I most admire my grandmother who passed away when I was 16 years old. She was the first person in my family to come to this country. She arrived in 1905 from the pogroms in Lithuania with a cousin when she was only 14 years old. They made their way to St. Joseph, Mo. and were soon followed by the rest of their families. My grandmother and grandfather owned several buildings, but my grandfather developed a heart condition, so the upkeep of the buildings fell to my tiny 4’10” grandmother (along with raising 5 children). During the Great Depression, there were frequently men who would get off the train looking for work and my grandmother would always have chores for them, in exchange for a hot meal. She was grateful for their help and never turned anyone away. My grandmother sent both sons to medical school, two daughters to nursing school and one daughter to teachers college. She had grit and determination and was an incredibly generous soul.

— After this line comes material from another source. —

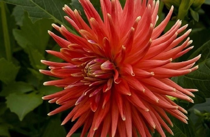 Георгина кактусовая "Сити ов Роттердам" - это великолепное растение с красивыми крупными цветками, достигающими 13 см в диаметре. Ее стебель прочный и прямой, а высота растения может достигать до 60 см. Листья георгины имеют интересную форму и придают ей особый шарм.
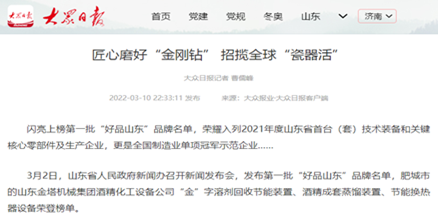 早春三月增春意,金塔品牌添春色。 3月2日,山東省人民政府新聞辦召開新聞發(fā)布會,發(fā)布第一批“好品山東”品牌名單,共涵蓋14類,223家制造業(yè)、消費(fèi)品、農(nóng)產(chǎn)品領(lǐng)域品牌。首批入選品牌具有質(zhì)量水平高、社會知名度高、市場影響力大的鮮明特點(diǎn)。山東金塔機(jī)械集團(tuán)酒精化工設(shè)備公司“金”字溶劑回收節(jié)能裝置、酒精成套蒸餾裝置、節(jié)能換熱器設(shè)備榮登榜單。 好品質(zhì)鑄就好品牌。金塔集團(tuán)致力以品質(zhì)金塔建設(shè)推進(jìn)品牌強(qiáng)力提升,產(chǎn)品相繼榮獲山東優(yōu)質(zhì)品牌、山東知名品牌稱號,被授予“山東省制造業(yè)高端品牌培育企業(yè)”。品質(zhì)卓越,品牌彰顯,金塔品牌知名度、美譽(yù)度和公信力得到完美展現(xiàn),成為推進(jìn)高質(zhì)量發(fā)展的強(qiáng)大引擎。

Q: If you could be known and celebrated for one thing, what would it be?
Generosity of spirit.
Q: If you could describe yourself in one word what would it be?
Q: What is your guilty pleasure?
Going to the Metropolitan Museum of Art … I’ve really missed going there this summer. It is deeply spiritual and nourishing to me.
Q: If you could sit down with yourself 15 years ago, what would you say?
Not to be intimidated by people who I think know more about what I am doing than I do
Q: Where would you most like to live?
Lots of places! I like Montclair, NJ ! (where I live now)
Q: What is your idea of success?
To be productive and continually engaged in creative pursuits
Q: What is your idea of happiness?
That my family is healthy and doing well and that I am able to pursue my passions.